今年こそ、世界の頂へ。武豊は、ドウデュースの海外G1初制覇がかかるドバイ・ターフに向けて、めらめらと闘志を燃やす。
「朝日杯FS、日本ダービー、有馬記念も勝ったけど、海外ではまだ本来の走りを見せられてない。この馬で世界に挑戦したい」
昨年も同じレースに遠征したが、左前肢ハ行で出走取消。武豊は、“英断”だったと振り返る。
「ショックだったけど、ほっとした部分もあった。もし不安な状態のままレースに行っていたら、あの馬は気がいいから走っちゃうし、本当に壊れていたと思う」
しかし、試練は続いた。復帰初戦の天皇賞・秋(7着)当日、武豊が東京5R騎乗後に右足を負傷。続くジャパンC(4着)も騎乗できなかった。秋3戦目の有馬記念で315日ぶりにコンビ再結成。人馬ともに復活星を挙げた。
「本当に、素直にうれしかった。俺もけがして、ドウデュースも結果を出せなくて、状況的に厳しかった。最後の最後、9回裏に逆転満塁ホームランを打った感じ」
けがや大敗から立ち直れない馬も多いが、ドウデュースは22年凱旋門賞で19着に敗れた後も、翌年の京都記念を圧勝した。そしてグランプリでの復活劇。そこに“すごさ”がある。

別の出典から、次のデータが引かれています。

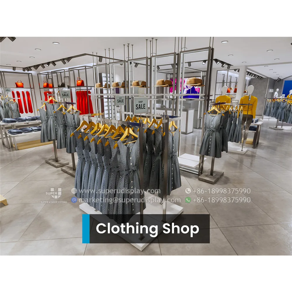 4K HDR Retail Store Interior Polished Chrome Sleek Shelves Warm ...

「2歳チャンピオンになって、ダービーも勝ってるのに、苦境に立たされることが多い。でもそれを全部、この馬は乗り越えてくれる」
当初はシーマクラシック(芝2410メートル)も候補だったが、今年もターフ(芝1800メートル)に参戦。武豊は、その選択を“最善”と支持する。
「過去のシーマクラシックを見ると、先行する馬があまりいないから、結果的にスローになりがち。折り合いとか休み明けなことを考えると、確実にレースをしやすいのはターフ」
昨年はゲートインすらできなかった。1年がたち、同じ地で、無念を晴らす瞬間が近付いている。
「来年もう1回ドバイに来よう、と(キーファーズの松島正昭)オーナー、(友道)調教師と約束した。今年は、そのぶんもある。忘れ物を取りに行く」(水納 愛美)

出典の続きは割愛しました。